'''

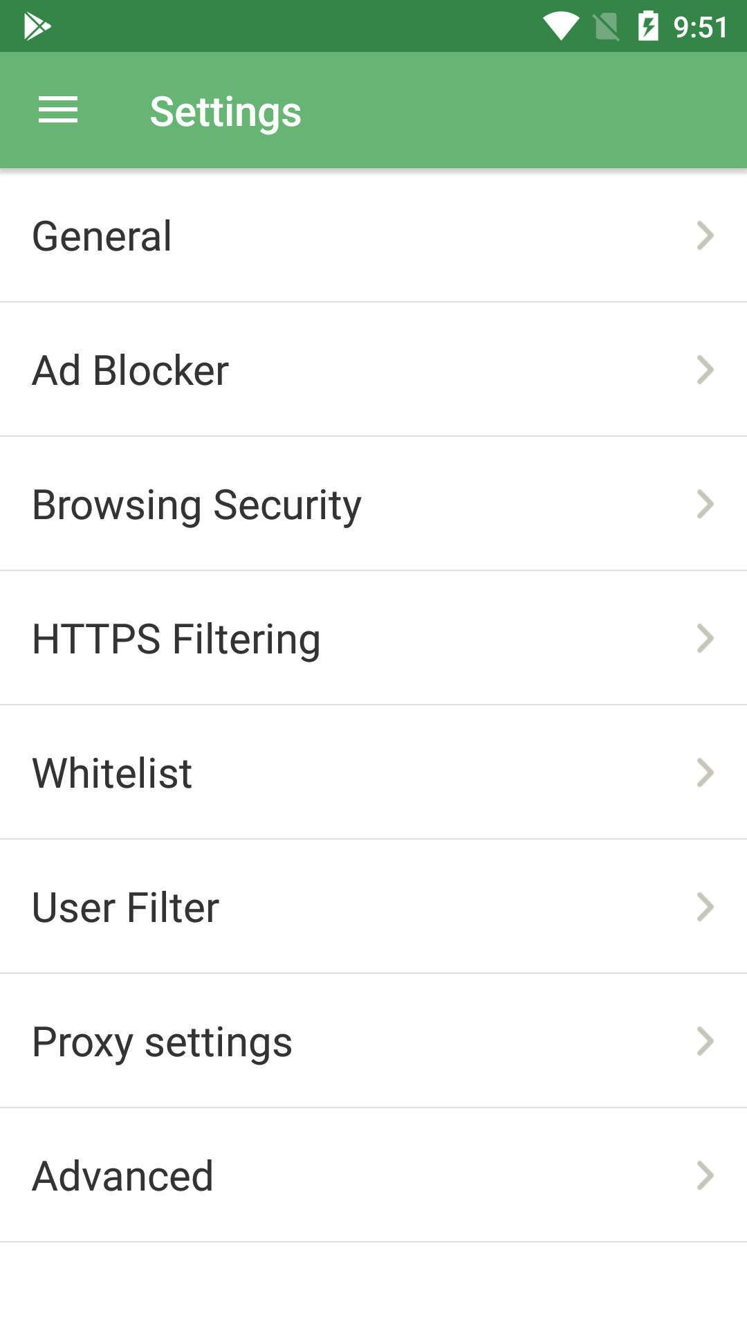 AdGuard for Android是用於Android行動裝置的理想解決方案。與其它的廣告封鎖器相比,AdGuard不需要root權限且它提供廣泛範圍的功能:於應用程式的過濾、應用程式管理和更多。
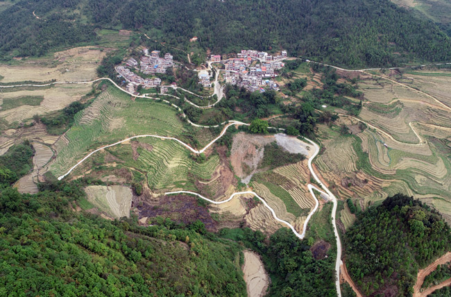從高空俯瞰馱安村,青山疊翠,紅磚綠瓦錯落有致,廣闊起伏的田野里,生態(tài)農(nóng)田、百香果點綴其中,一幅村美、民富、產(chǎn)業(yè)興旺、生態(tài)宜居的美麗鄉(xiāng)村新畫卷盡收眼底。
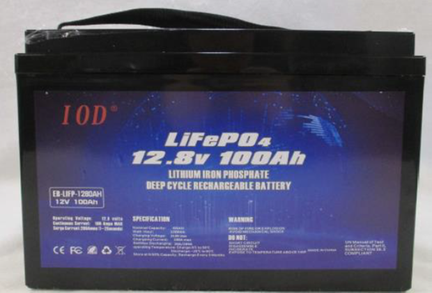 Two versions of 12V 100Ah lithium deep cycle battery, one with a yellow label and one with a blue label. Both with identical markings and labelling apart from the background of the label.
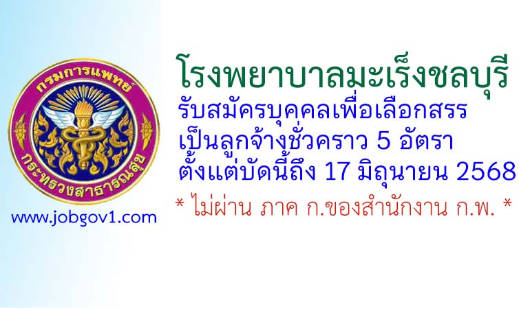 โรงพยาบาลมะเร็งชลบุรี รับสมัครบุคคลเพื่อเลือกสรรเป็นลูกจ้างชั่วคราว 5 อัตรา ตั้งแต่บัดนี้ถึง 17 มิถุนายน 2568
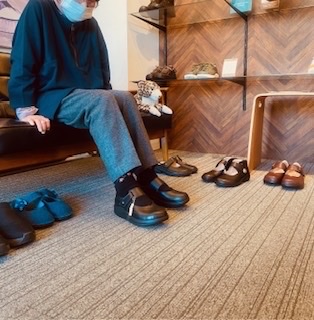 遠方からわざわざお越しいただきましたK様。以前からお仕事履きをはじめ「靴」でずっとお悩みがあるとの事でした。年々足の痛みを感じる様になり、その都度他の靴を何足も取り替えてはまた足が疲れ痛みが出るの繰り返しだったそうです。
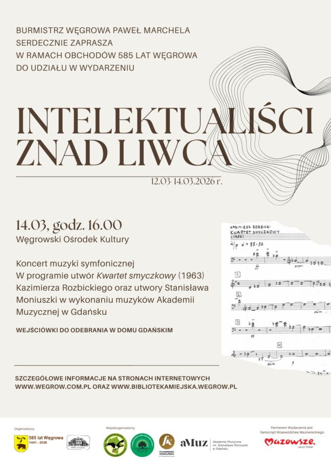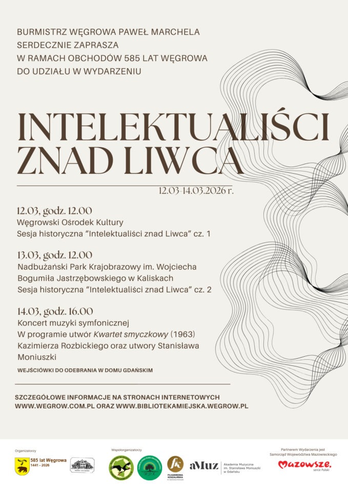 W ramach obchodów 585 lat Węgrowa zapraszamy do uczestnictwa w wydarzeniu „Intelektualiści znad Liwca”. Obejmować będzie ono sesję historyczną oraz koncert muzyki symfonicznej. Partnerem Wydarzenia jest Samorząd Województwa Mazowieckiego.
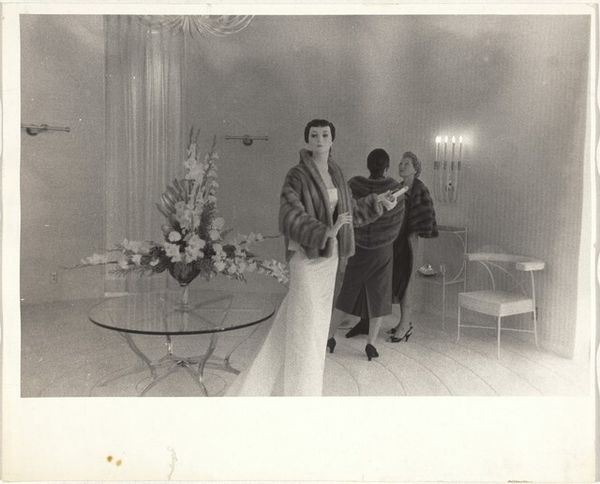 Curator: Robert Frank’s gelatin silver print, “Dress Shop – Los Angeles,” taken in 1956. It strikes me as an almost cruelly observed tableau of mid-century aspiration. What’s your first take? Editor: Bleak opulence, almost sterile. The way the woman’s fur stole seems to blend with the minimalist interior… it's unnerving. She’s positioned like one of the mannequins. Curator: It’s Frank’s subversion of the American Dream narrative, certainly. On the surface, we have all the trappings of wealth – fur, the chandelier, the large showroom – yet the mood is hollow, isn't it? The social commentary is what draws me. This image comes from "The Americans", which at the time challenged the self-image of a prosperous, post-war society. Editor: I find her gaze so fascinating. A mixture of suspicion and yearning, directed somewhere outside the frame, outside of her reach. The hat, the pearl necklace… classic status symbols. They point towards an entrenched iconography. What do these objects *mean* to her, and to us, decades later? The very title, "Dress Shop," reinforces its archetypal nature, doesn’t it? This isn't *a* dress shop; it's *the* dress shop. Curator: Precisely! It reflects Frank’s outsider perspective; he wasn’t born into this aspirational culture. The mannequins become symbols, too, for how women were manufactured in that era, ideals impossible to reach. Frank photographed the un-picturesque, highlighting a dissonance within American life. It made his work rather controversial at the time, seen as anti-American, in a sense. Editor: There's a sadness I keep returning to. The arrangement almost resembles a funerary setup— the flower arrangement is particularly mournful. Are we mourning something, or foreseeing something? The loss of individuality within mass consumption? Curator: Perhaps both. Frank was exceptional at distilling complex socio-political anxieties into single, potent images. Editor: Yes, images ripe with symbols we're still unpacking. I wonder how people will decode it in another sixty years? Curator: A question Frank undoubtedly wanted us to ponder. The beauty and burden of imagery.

'''

GOAL OF THE EXERCISE -
Could you reproduce every record above exactly, leaving out any pictures?

OUTPUT BELOW -
 AdGuard for Android是用於Android行動裝置的理想解決方案。與其它的廣告封鎖器相比,AdGuard不需要root權限且它提供廣泛範圍的功能:於應用程式的過濾、應用程式管理和更多。
從高空俯瞰馱安村,青山疊翠,紅磚綠瓦錯落有致,廣闊起伏的田野里,生態(tài)農(nóng)田、百香果點綴其中,一幅村美、民富、產(chǎn)業(yè)興旺、生態(tài)宜居的美麗鄉(xiāng)村新畫卷盡收眼底。
 Two versions of 12V 100Ah lithium deep cycle battery, one with a yellow label and one with a blue label. Both with identical markings and labelling apart from the background of the label.
 โรงพยาบาลมะเร็งชลบุรี รับสมัครบุคคลเพื่อเลือกสรรเป็นลูกจ้างชั่วคราว 5 อัตรา ตั้งแต่บัดนี้ถึง 17 มิถุนายน 2568
 遠方からわざわざお越しいただきましたK様。以前からお仕事履きをはじめ「靴」でずっとお悩みがあるとの事でした。年々足の痛みを感じる様になり、その都度他の靴を何足も取り替えてはまた足が疲れ痛みが出るの繰り返しだったそうです。
 W ramach obchodów 585 lat Węgrowa zapraszamy do uczestnictwa w wydarzeniu „Intelektualiści znad Liwca”. Obejmować będzie ono sesję historyczną oraz koncert muzyki symfonicznej. Partnerem Wydarzenia jest Samorząd Województwa Mazowieckiego.
 Curator: Robert Frank’s gelatin silver print, “Dress Shop – Los Angeles,” taken in 1956. It strikes me as an almost cruelly observed tableau of mid-century aspiration. What’s your first take? Editor: Bleak opulence, almost sterile. The way the woman’s fur stole seems to blend with the minimalist interior… it's unnerving. She’s positioned like one of the mannequins. Curator: It’s Frank’s subversion of the American Dream narrative, certainly. On the surface, we have all the trappings of wealth – fur, the chandelier, the large showroom – yet the mood is hollow, isn't it? The social commentary is what draws me. This image comes from "The Americans", which at the time challenged the self-image of a prosperous, post-war society. Editor: I find her gaze so fascinating. A mixture of suspicion and yearning, directed somewhere outside the frame, outside of her reach. The hat, the pearl necklace… classic status symbols. They point towards an entrenched iconography. What do these objects *mean* to her, and to us, decades later? The very title, "Dress Shop," reinforces its archetypal nature, doesn’t it? This isn't *a* dress shop; it's *the* dress shop. Curator: Precisely! It reflects Frank’s outsider perspective; he wasn’t born into this aspirational culture. The mannequins become symbols, too, for how women were manufactured in that era, ideals impossible to reach. Frank photographed the un-picturesque, highlighting a dissonance within American life. It made his work rather controversial at the time, seen as anti-American, in a sense. Editor: There's a sadness I keep returning to. The arrangement almost resembles a funerary setup— the flower arrangement is particularly mournful. Are we mourning something, or foreseeing something? The loss of individuality within mass consumption? Curator: Perhaps both. Frank was exceptional at distilling complex socio-political anxieties into single, potent images. Editor: Yes, images ripe with symbols we're still unpacking. I wonder how people will decode it in another sixty years? Curator: A question Frank undoubtedly wanted us to ponder. The beauty and burden of imagery.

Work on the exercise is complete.